DynaSoar writes "On Friday November 13th, ESA'a Rosetta probe will get its third and final gravity assist slingshot from Earth on its way to its primary targets, the asteroid Lutetia and Comet 67P/Churyumov-Gerasimenko. But the slingshot itself will allow ESA scientists to examine the trajectory for unusual changes seen in several other probes' velocities. An unaccountable variation was first noticed as excess speed in Pioneers 11 and 12, and has since been called the Pioneer Anomaly. More troubling than mere speed increase is the inconsistency of the effect. While Galileo and NEAR had appreciable speed increases, Cassini and Messenger did not. Rosetta itself gained more speed than expected from its 2005 fly-by, but only the expected amount from its 2007 fly-by. Several theories have been advanced, from mundane atmospheric drag to exotic variations on special relativity, but none are so far adequate to explain both the unexpected velocity increases and the lack of them in different instances.

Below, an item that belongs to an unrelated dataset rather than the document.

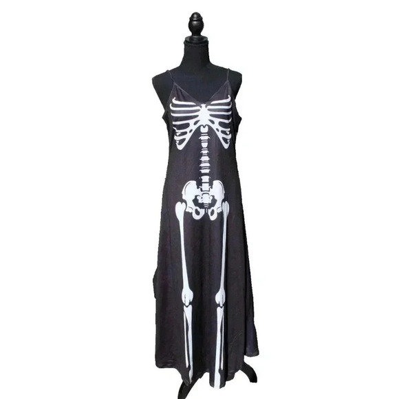 Get ready for Halloween with this stunning black and white skeleton dress! Made from high-quality polyester material, this dress features an elastic and stretchy design for maximum comfort. The dress is perfect for any Halloween occasion and is available in a medium size.This dress is perfect for anyone who wants to make a statement at their Halloween party. The unique skeleton design is sure to turn heads and make you stand out from the crowd. Whether you're dressing up for a costume party or just want to add a touch of spookiness to your Halloween decor, this dress is the perfect choice.

Armed with tracking hardware and software capable of measuring Rosetta's velocity within a few millimeters per second while it flies past at 45,000 km/hr, ESA will be gathering data which it hopes will help unravel the mystery."
This isn't the Pioneer anomaly. The latter was seen not in flybys but during extended cruise phases with no maneuvers. As far as I know, it has only been seen in Pioneers, although that may be due to the particular nature of those spacecraft that make them excellent tests for this effect. (Assuming it's not entirely intrinsic to the spacecraft in the first place.)
This effect is a flyby effect and is different from the Pioneer Anomaly, as the article itself pretty clearly notes.
Pioneer 10 and 11, of course (not 11 and 12)
The Pioneer 10 & 11 spacecraft both flew by Jupiter, and Pioneer 11 went on to Saturn encounter.
I remember it well - while a grad student at the Lunar & Plantetary Labs, I helped with the Imaging Photopolarimeter during Saturn Encounter.
The spacecraft, designed in the early 1970's, had essentially no onboard memory, so instructions had to be uploaded in real time. The several hour-long communications delay made for real excitement at encounter (Did the spacecraft survive the ring crossing? Did the instruction arrive? Did the sensor point in the correct direction? Is it returning images?)
We'd spent months in advance, preparing alternative sequences for the encounter. Each sequence was on punched papertape. Then, at encounter in September 1979, we'd pick the tape, mount it on a teletype, and send the data out over the NASA deep space network, then anxiously wait to see if the instructions worked on Pioneer 11.
I'm sorry but your post encountered a fly-by anomaly when passing one of the big Internet routers, and therefore was delayed, thus allowing other posts to come before it.
The Tao of math: The numbers you can count are not the real numbers.
Wait, 60 isn't divisible with 10 now?
Yep, same guy.
Before Cuckoo's Egg, I was better known as a planetary scientist. My PhD dissertation relied on polarization data taken by Pioneer 10 & 11 to understand the scattering characteristics of Jupiter's upper atmosphere.